Doch sein Meisterstück machte er 1930/31 mit Partner Hans Schneider mit der Planung der Friedenskirche: Die am 17. Juli 1932 eingeweihte Kirche beeindruckte mit der ungewöhnlichen Turm-Konstruktion in der Mitte eines runden Bauwerks, das allerdings samt dem Slevogt-Gemälde „Golgatha“ in den letzten Kriegsmonaten zerstört wurde. Nach Kriegsende setzte Latteyer weitere Maßstäbe: 1952 baute er das freireligiöse Johannes-Ronge-Haus und zwei Jahre später die protestantische Kirche in Waldsee. In Ludwigshafen entstanden der Ankerhof und der (alte) Pfalzbau mit Kino und Festsaal, an der Saarlandstraße die beiden jeweils 16 Stockwerke hohen Hochhäuser „Hannes“ und „Peter“ und in Oggersheim an der Mannheimer Straße eine originelle freistehende Gasolin-Tankstelle. Angeblich wurden zwei Drittel aller Häuser der wiederaufgebauten Innenstadt von Latteyer und seinen Mitarbeitern geplant.

Der Mann für die Kirchen

Ein anderer Architekt machte sich zu Beginn des 20. Jahrhunderts in zweierlei Hinsicht einen Namen: Der Frankenthaler Albert Boßlet (1880-1957) baute in seinem Berufsleben nahezu hundert katholische Kirchen – darunter die St. Josephskirche in Rheingönheim (1914/15), die Bonifaziuskirche in der Gartenstadt (1929/30) und die Marienkirche.
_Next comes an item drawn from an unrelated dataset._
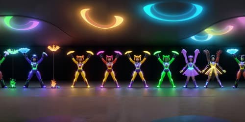 Fantasyfive evil female angels wearing tiny black leotards with red trim_they have golden wings_the women have gold halos over their heads_one woman has dreadlocks_two of the women are african american_they are flying_one woman is carrying a flaming green hammer.

Sein größtes Projekt war jedoch der aufwendige Bau des Marienkrankenhauses „auf der grünen Wiese“ in der Gartenstadt (1926-1928). Auch das Geschwister-Scholl-Gymnasium wurde zum Teil von Boßlet geplant. Einer seiner Partner war der Ludwigshafener Oberbaudirektor Karl Lochner, mit dem er unter anderem die Herz-Jesu- und Marienkirche sowie die Mundenheimer Kirche St. Sebastian wieder für die Katholiken nutzbar machte. Auch für das Reicherthaus und die Stadtbibliothek war Lochner planerisch aktiv.
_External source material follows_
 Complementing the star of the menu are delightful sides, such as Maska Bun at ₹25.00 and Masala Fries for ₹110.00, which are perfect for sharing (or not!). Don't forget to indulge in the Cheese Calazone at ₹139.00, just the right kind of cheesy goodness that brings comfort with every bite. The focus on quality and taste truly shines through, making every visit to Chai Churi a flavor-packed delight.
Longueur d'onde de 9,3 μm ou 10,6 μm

Den Begriff „Architekt“ dürfen die Männer vom Bau offiziell eigentlich erst seit genau hundert Jahren nutzen: Am 23. Juni 1923 verabschiedete das Parlament in Italien ein Gesetz, wonach erstmals in Europa diese Berufsbezeichnung gesetzlich geschützt wurde. Baugrößen wie der Ägypter Imhotep (3. Jahrtausend vor Christus), der griechische Parthenon-Erbauer Kallikrates (470 bis 420 v. Chr.), Fischer von Erlach (1656-1723) als Erbauer der Wiener Karlskirche, Balthasar Neumann (1687-1753) als Schöpfer der Würzburger Residenz oder Karl Friedrich Schinkel (1781-1841), der die Nikolaikirche in Potsdam plante, gingen allerdings ohnehin als Baumeister in die Geschichte ein.